Achieving collective impact through scaling

August 9, 2022 | News

By Sara Allen

In Short

The word ‘innovation’ often conjures images of a lightbulb above a head — an instant spark of an idea that has the power to change the world. Yet real progress — forward motion, sustainable change — also requires the effective implementation of bright ideas. 

The word ‘innovation’ often conjures images of a lightbulb above a head — an instant spark of an idea that has the power to change the world. Yet real progress — forward motion, sustainable change — also requires the effective implementation of bright ideas.

In our experience, scaling means bringing an idea or program model that has worked in one place somewhere new, sometimes adapting the idea to meet local needs. Why doesn’t this happen more often? Understandably, there’s an excitement that comes with something new, and a tendency to focus on igniting our own lightbulb. We know through our experience as funder representatives and leaders that new ideas and innovations are an important part of the social impact equation. But the part of the equation that we want to elevate here is the power of amplifying something borrowed.

Ten years after its founding, the Jewish Teen Education & Engagement Funder Collaborative (the Funder Collaborative), powered by The Jewish Federations of North America, is further embracing scaling as an integral strategy. Early on, scaling was baked into the DNA of the Funder Collaborative, an innovative philanthropic experiment uniting national and local funders and practitioners to create, nurture, sustain and scale contemporary approaches to Jewish teen education and growth. Successful ideas and learnings were highlighted and designed to spread across the network of ten FC communities across the country. The Jim Joseph Foundation and the Funder Collaborative have seen impactful programs launched in one community and adapted by another — or brought to a broader audience through the efforts of the Funder Collaborative itself.  Scaled efforts were more efficient to deliver, carried less financial risks and mitigated risks around achieving outcomes. With this track record of success spreading key programs and methodologies, the Funder Collaborative is eager to unpack and demystify pathways to scale for others, working in any demographic.

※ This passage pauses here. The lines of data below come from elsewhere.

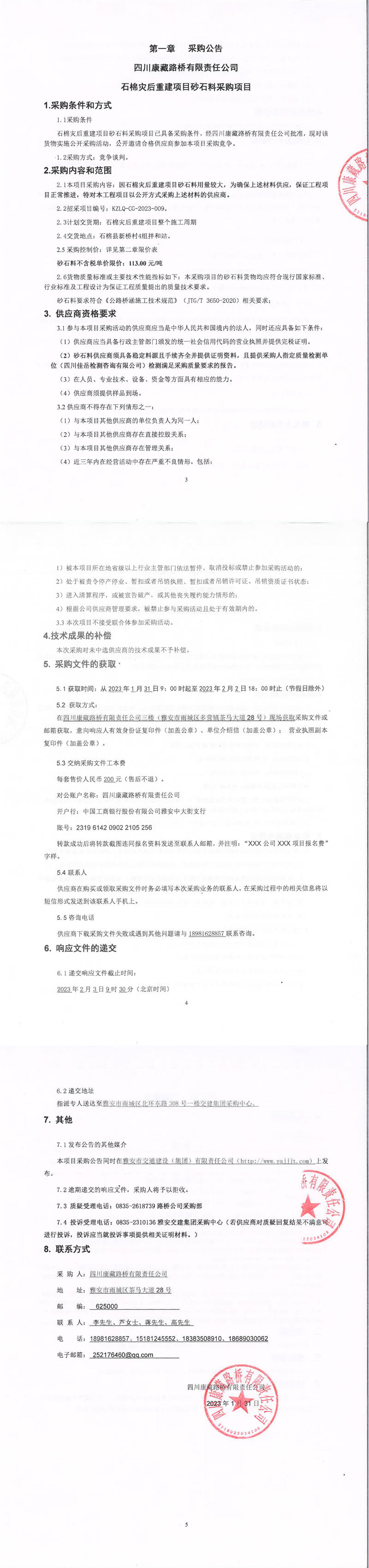 四川康藏路橋有限責任公司石棉災后重建項目砂石料采購項目采購公告
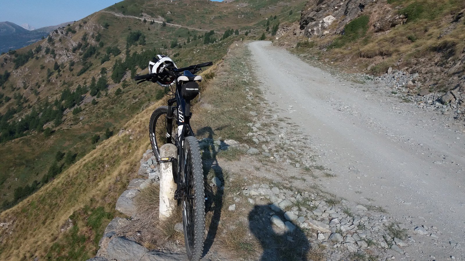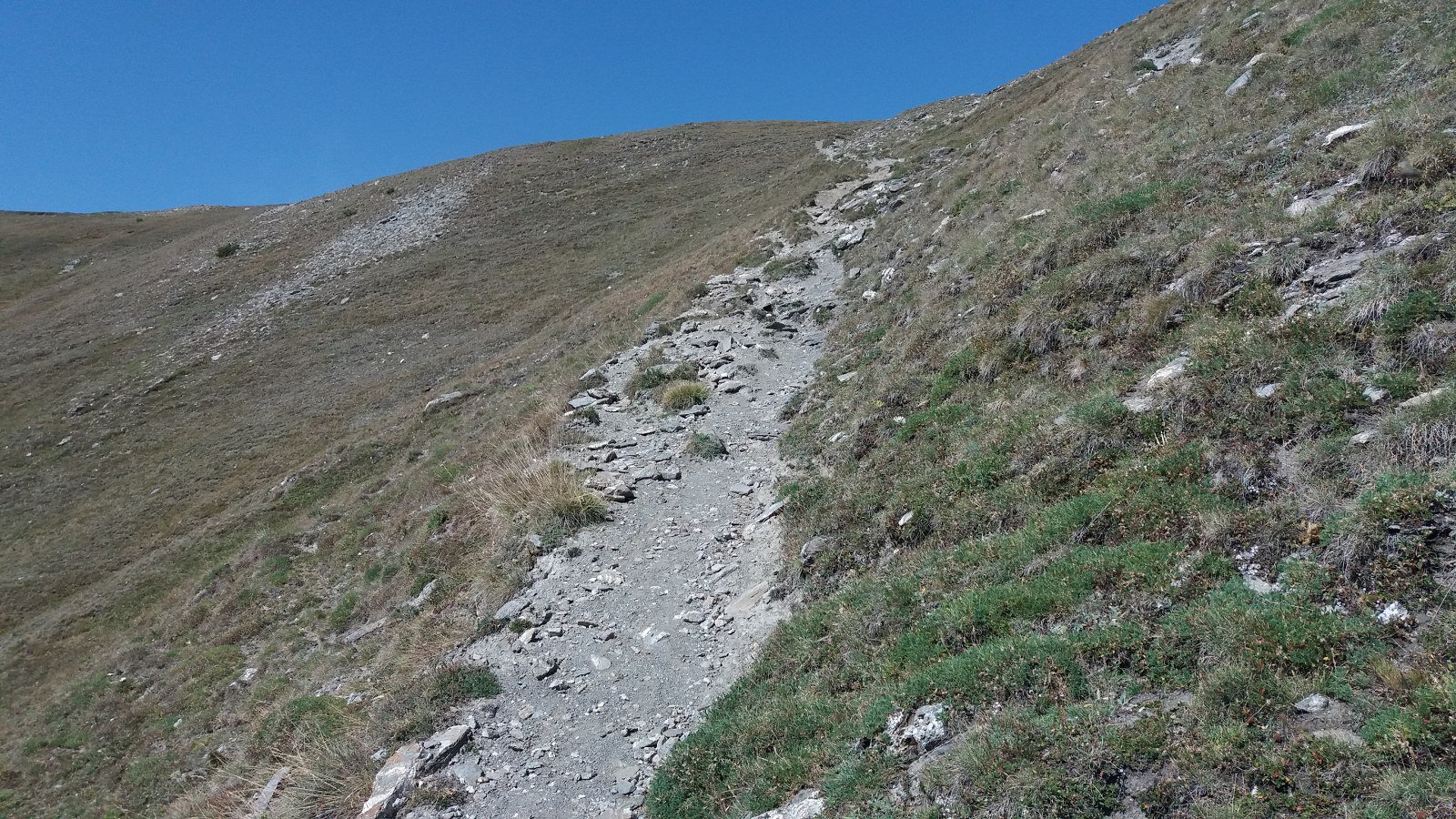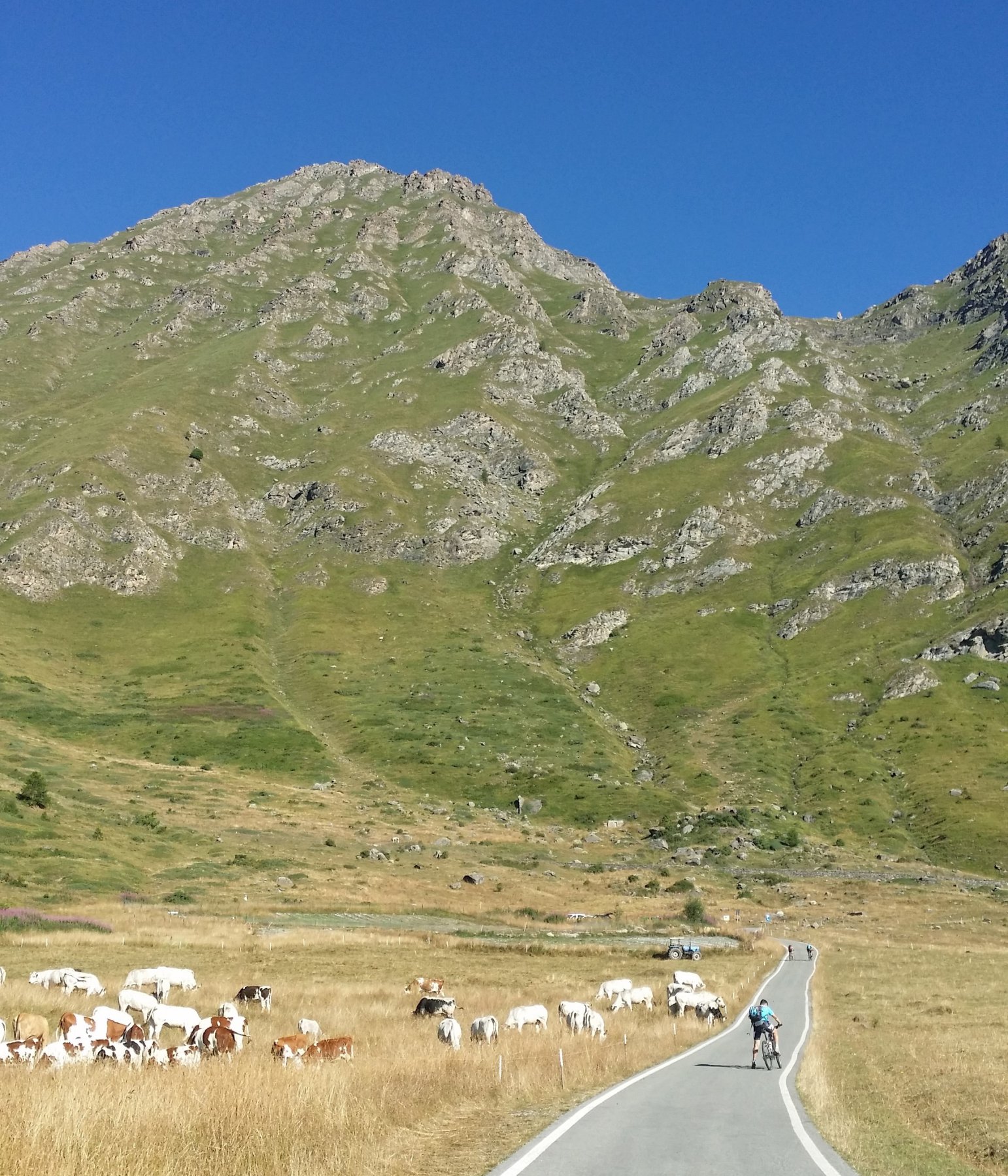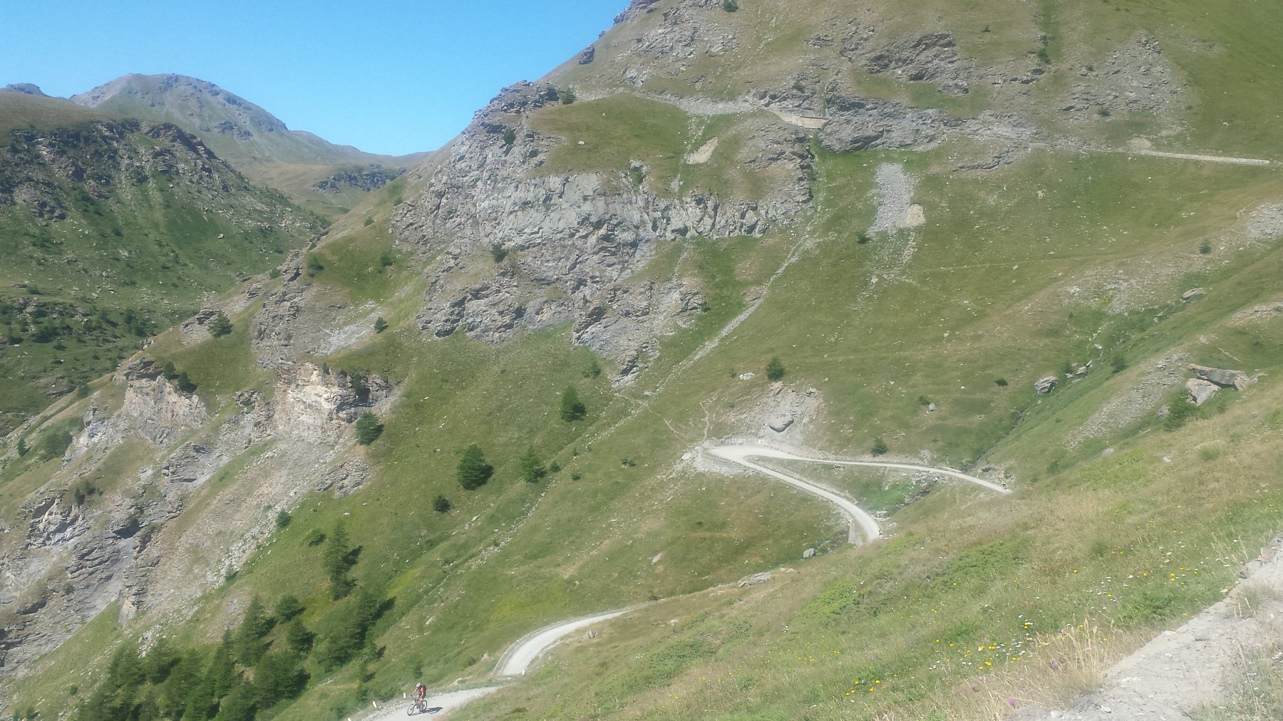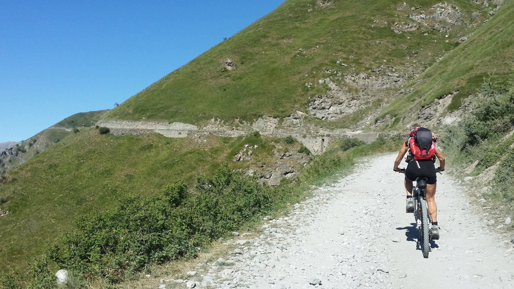 La salita prosegue con pendenze sempre regolari fino al Colle dell’Assietta (2.472 m), posto sullo spartiacque tra Val di Susa e Val Chisone. Con un ultimo breve tratto di salita si giunge in vista del monumento che campeggia sulla modesta elevazione della Testa dell’Assietta (2.565 m), che si raggiunge con una deviazione di pochi minuti.
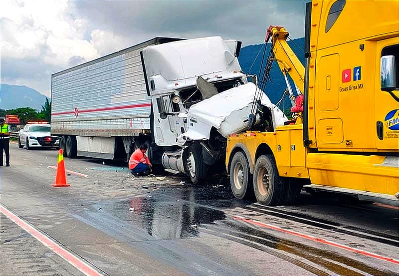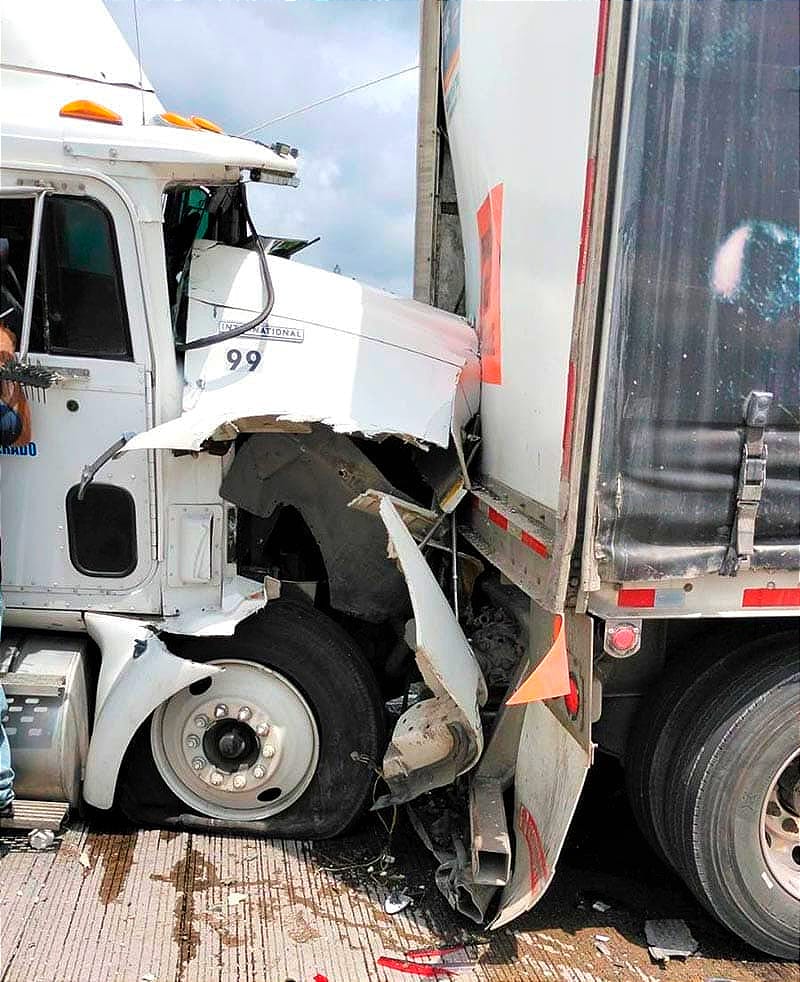 El tractocamión sin control posteriormente chocó a un tráiler marca Volvo, de color blanco con azul y placas del SPF 511FE8, que jalaba dos semi remolques articulados tipo cortina cargados con cerveza y otra más marca Kenworth Kenmex, de color blanco y con placas 304FF4 del SAF, de igual forma cargado con cerveza de la empresa Heineken México.
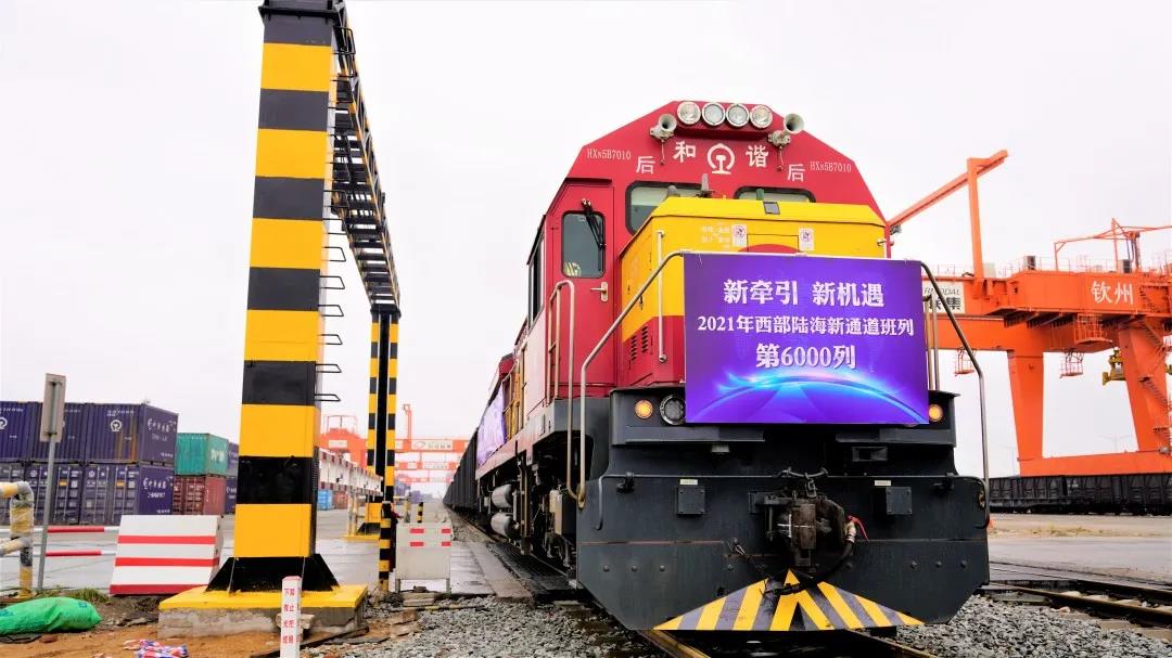 2021年12月28日,随着洪亮的汽笛声响起,全年第6000列西部陆海新通道正式发车,圆满完成年度开行任务。开行量由第一年的178列,到2021年6000列,增长了近33倍,为近年我国增速最快的国际班列。
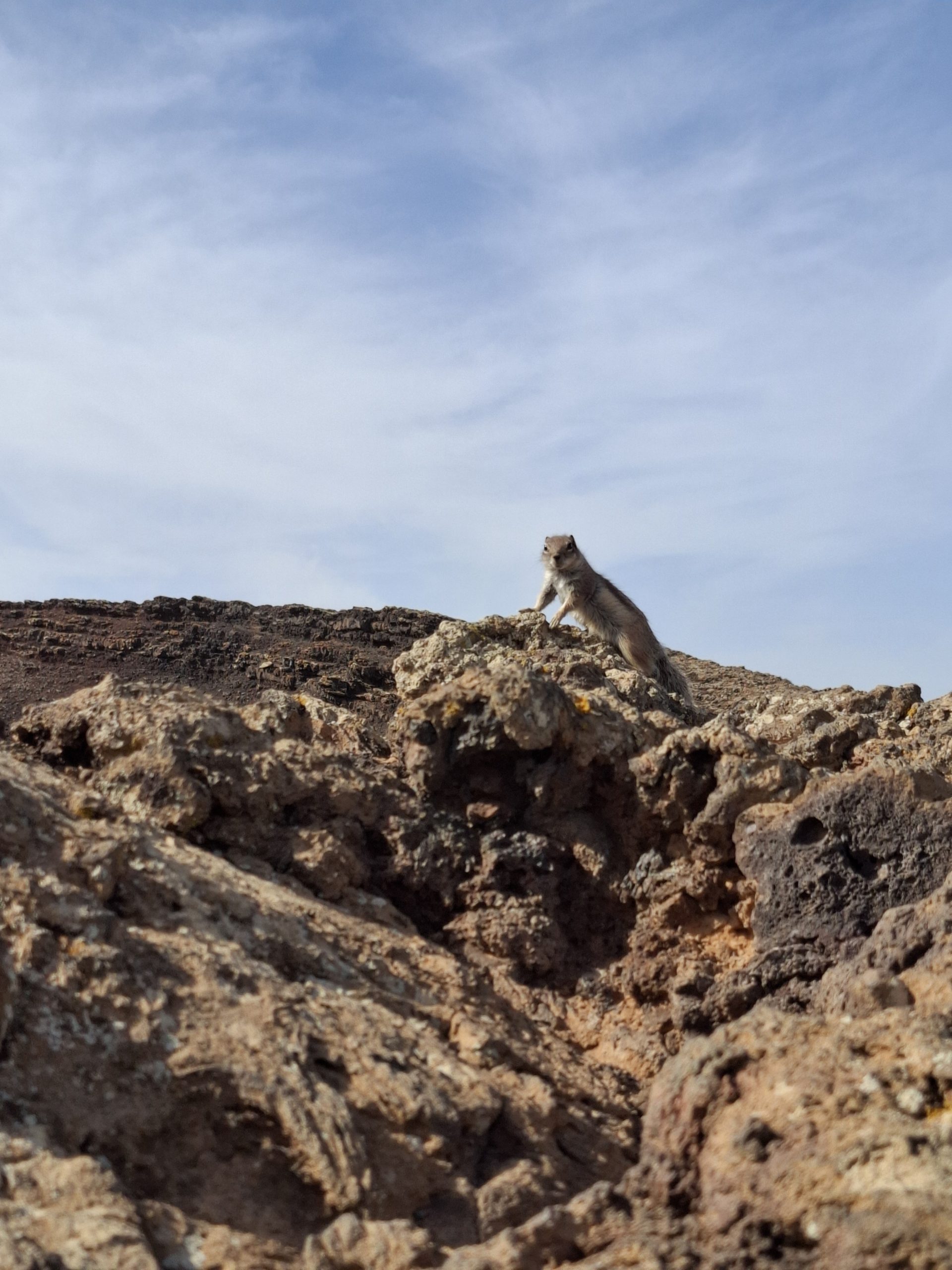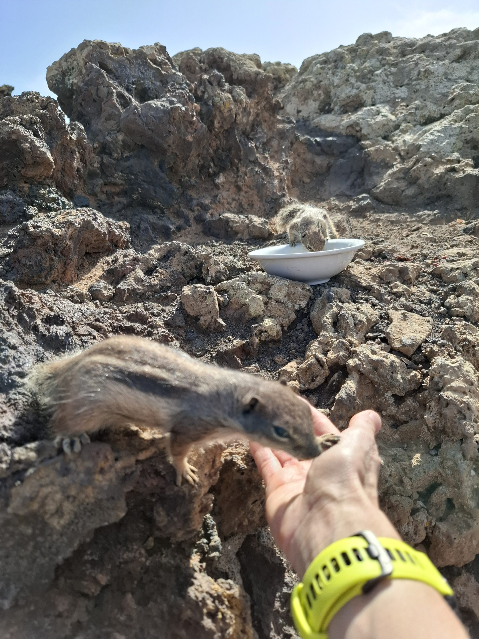 Po drodze na kamiennych murkach biegały pręgowce berberyjskie, wyglądały jak pręgowane wiewiórki. Najwięcej było ich przy samej kalderze, gdzie liczyły na coś od turystów. Fajnie, że ktoś postawił im tam miseczkę z wodą, faktycznie podbiegały do niej się napić.

To do this, we are setting out to elevate the powerful and effective work of any originator (those who first started a program) to help adaptors (those looking to bring an existing program to their community) implement extraordinary programs that are right for them, ultimately advancing teen education and engagement across the Jewish community. The Foundation knows that this approach has the potential to profoundly amplify successful program models and impact the engagement landscape nationally, just as the Funder Collaborative already has changed the teen education and engagement landscape.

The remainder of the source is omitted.